- Developer: Tanuki Creative Studio
- Publishers: Tanuki Creative Studio ININ Games (consoles)
- Director: Dave Baljon
- Designers: Dave Baljon; Sebastien Romero; Pieter Visser;
- Programmers: Pieter Visser; Akli Lounés Touati;
- Artist: Laurent Romero
- Writer: Dave Baljon
- Composer: Sebastien Romero
- Engine: GameMaker
- Platforms: Microsoft Windows; Nintendo Switch; PlayStation 4; PlayStation 5; Xbox One; Xbox Series X/S;
- Release: March 29, 2022 Microsoft Windows; March 29, 2022; Switch, PS4, PS5, Xbox One, Xbox Series X/S; December 9, 2022; Arcade (JS featuring SPC); December 27, 2024;
- Genre: Beat 'em up
- Modes: Single-player, multiplayer
- Arcade system: exA-Arcadia

= Jitsu Squad =

2022 video game

Jitsu Squad is a 2022 beat 'em up indie video game self-developed and published by Tanuki Creative Studio for Microsoft Windows, and published by ININ Games for home consoles. The game was released on March 29, 2022, for Windows, which was followed by console releases for Nintendo Switch, PlayStation 4, PlayStation 5, Xbox One and Xbox Series X/S, on December 9.

==Development==
Jitsu Squad is developed by Tanuki Creative Studio, an independent game company from the Netherlands.

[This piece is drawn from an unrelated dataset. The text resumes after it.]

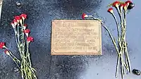 Таблица, расположенная с правого края стелы, выполнена в форме двух развевающихся знамён. На ней нанесён текст следующего содержания[2]:

Development on the game began in 2015 and over the years had two successful Kickstarter campaigns. YouTuber Maximilian Dood and the titular Yooka-Laylee characters, Yooka and Laylee, appear as cameo extras in the game. Several mechanics in the game, such as "Fury Mode" and "big burst attacks", were inspired by works such as Samurai Pizza Cats and Dragon Ball respectively. There were plans of a "Survival" mode and having the character Dash Kobayashi, the first boss of the game, to be a fifth playable character. None, however, were panned out into further update patches as Tanuki Creative Studio rebranded as Blast Zero in 2024 and are working on their next project Samurai Pizza Cats: Blast from the Past!

===Audio===
Sebastien Romero serves as the game composer. Johnny Gioeli, the lead vocalist of Crush 40, provided vocals on 3 tracks, one of which was "Surfing on the Lava". The other two was its opening theme, "Go! Fight! Jitsu Dreamers!", and its closing theme, "Into the Heart of the Sun".

==Reception==

Jitsu Squad received "mixed or average" from critics, according to review aggregator Metacritic.

Scott McCrae from Nintendo Life scored the game a 7 out of 10, praising the "great art style and music" and being "a love letter to '90s Capcom classics" whilst critiquing that it has "performance issues" and is a bit too "short, even for a beat 'em up". In TouchArcade, Shaun Musgrave rated it a 7.5, highlighting its "cartoonish graphics" and "fast action", but felt that there was little "technique" to go off of and that the unlockable tag-team mode was not available from the get-go.

Aggregate score
| Aggregator | Score |
|---|---|
| Metacritic | (Switch) 70/100 |

Review scores
| Publication | Score |
|---|---|
| Nintendo Life | 7/10 |
| TouchArcade | 7.5/10 |

===Accolades===

| Date | Award | Category | Result | Ref. |
| October 6, 2022 | Dutch Game Awards | Best Debut Game | Nominated |  |
| Best Art | Nominated |

==Legacy==
In 2024, exA-Arcadia released an arcade port of the game, titled Jitsu Squad featuring Samurai Pizza Cats. It features the character Speedy Cerviche as a fifth playable character, with Kappei Yamaguchi reprising the role. The game was previously unveiled at the Amusement Expo in Las Vegas.